Das Ziel der Expedition war, die günstigsten Stellen für die Bohrungen zu suchen. Mit Pisten-Bullys und weiteren Spezialfahrzeugen ging es vier Wochen hinaus, um Abschnitt um Abschnitt zu vermessen. Zum Konvoi gehört ein Versorgungstrakt mit Wohncontainer, Generator und Tankcontainer. Kernstück bildete ein so genannter Einviro-Vibrator mit einem eineinhalb Kilometer abrollbaren Streamer – ein Fahrzeug, dessen spezielle Technik den Geophysikern seismische Messdaten zur Untersuchung des Untergrunds vermittelt.

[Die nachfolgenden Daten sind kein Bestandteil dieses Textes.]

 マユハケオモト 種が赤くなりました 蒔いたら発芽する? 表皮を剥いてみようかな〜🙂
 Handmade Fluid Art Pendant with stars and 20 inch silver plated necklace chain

Dass alles einsatzklar war und funktionierte, dafür hatte der Rostocker zu sorgen. War etwas defekt, war es zu reparieren. Eine wichtige, aber eintönige Arbeit in den unendlich wirkend weißen Flächen, wo in der Ferne nur Pinguine das Treiben der Forscher beobachteten und lediglich ein Kurzbesuch der 40 Kilometer entfernten Neumayer-Station für Abwechslung sorgt. Der Arbeitstag bei sommerlichen Temperaturen um minus fünf bis zehn Grad endete jeweils mit einem gemeinsamen Abendessen und Gesprächen. Über Satelliten-Telefon wurden Brücken in die Heimat geschlagen. Geschlafen wurde im Wohncontainer oder in einem Zelt.

Als der antarktische Sommer dem Ende zuging, war auch die Arbeit des Feldcamps getan. Die Rückreise dauerte länger als geplant. Bei der russischen Station Novo herrschte Schlechtwetter und Forscher verschiedener Nationalitäten mussten dort gemeinsam einige Tage ausharren, ehe der Rückflug erfolgen konnte.

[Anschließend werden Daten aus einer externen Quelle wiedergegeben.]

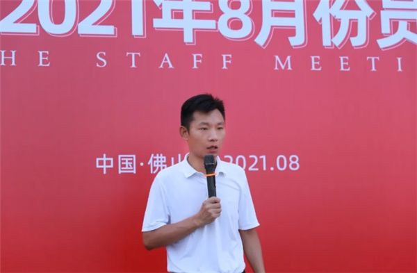 公司总经理胡超作总结讲话。胡总首先向获得表彰的个人表示祝贺,也感谢全体员工为工作所作出的不懈努力。亿合门窗7月份所获得的荣誉离不开亿合人的每一份贡献,正是这样,我们应该要努力工作,不断提升自己,才能让亿合门窗的发展才能走得更远。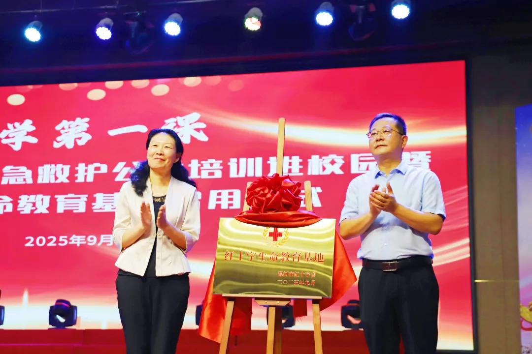 儀式上,郭峰發(fā)表致辭,表示生命教育基地的建立及應(yīng)急救護(hù)培訓(xùn)的開展,是守護(hù)青少年健康成長的重要舉措。趙國利宣讀源匯區(qū)實(shí)驗(yàn)學(xué)校紅十字會批復(fù)文件,孫穎華和郭峰共同為“源匯區(qū)實(shí)驗(yàn)學(xué)校紅十字生命教育基地”揭牌,學(xué)生代表張雅涵上臺表達(dá)對應(yīng)急救護(hù)事業(yè)的憧憬,李紅臣介紹了學(xué)校紅十字社團(tuán)的基本情況,闡述了紅十字生命教育基地啟用的重要意義,以及對未來發(fā)展的規(guī)劃。

Daheim warteten bereits Aufgaben des Betriebsrates. Sein Stellvertreter, der Ingenieur Jens Grafe, hatte in seiner Abwesenheit dafür gesorgt, dass die Probleme der Seeleute des Unternehmens nicht auf Eis gelegt werden mussten. Das nächste Feldcamp ist bereits vorbereitet. Im Juli ruft eine weitere Expedition des AWI im Dienst der Klimaforschung in die Gletscherwelt Grönlands und Jens Köhler soll wieder für die technische Betreuung sorgen. Seine Frau Birte-Marie hat für seine Arbeit in den eisigen Welten Verständnis. Dort hatten sich beide übrigens auch einst kennengelernt. Sie ist Geophysikerin und hat ihm voraus, dass sie auch schon auf der Neumayer-Station überwintert hat.

Der gebürtige Rostocker, dessen Hobby übrigens das Segeln beim RSC 92 ist, begann seine seemännische Laufbahn 1981 bei der DSR, war auf Schiffen wie „Altenburg“ und „Peking“ im Einsatz, ehe er seit 1998 für die Reederei Laeisz vom Rostocker Haus der Schifffahrt aus die technische Betreuung der deutschen Antarktis-Station „Kohnen“ organisierte und schließlich selbst in Feldcamps im Einsatz war. 2015 trat er in die Fußstapfen von Peter Geitmann und Manfred Seyer als Seebetriebsrat.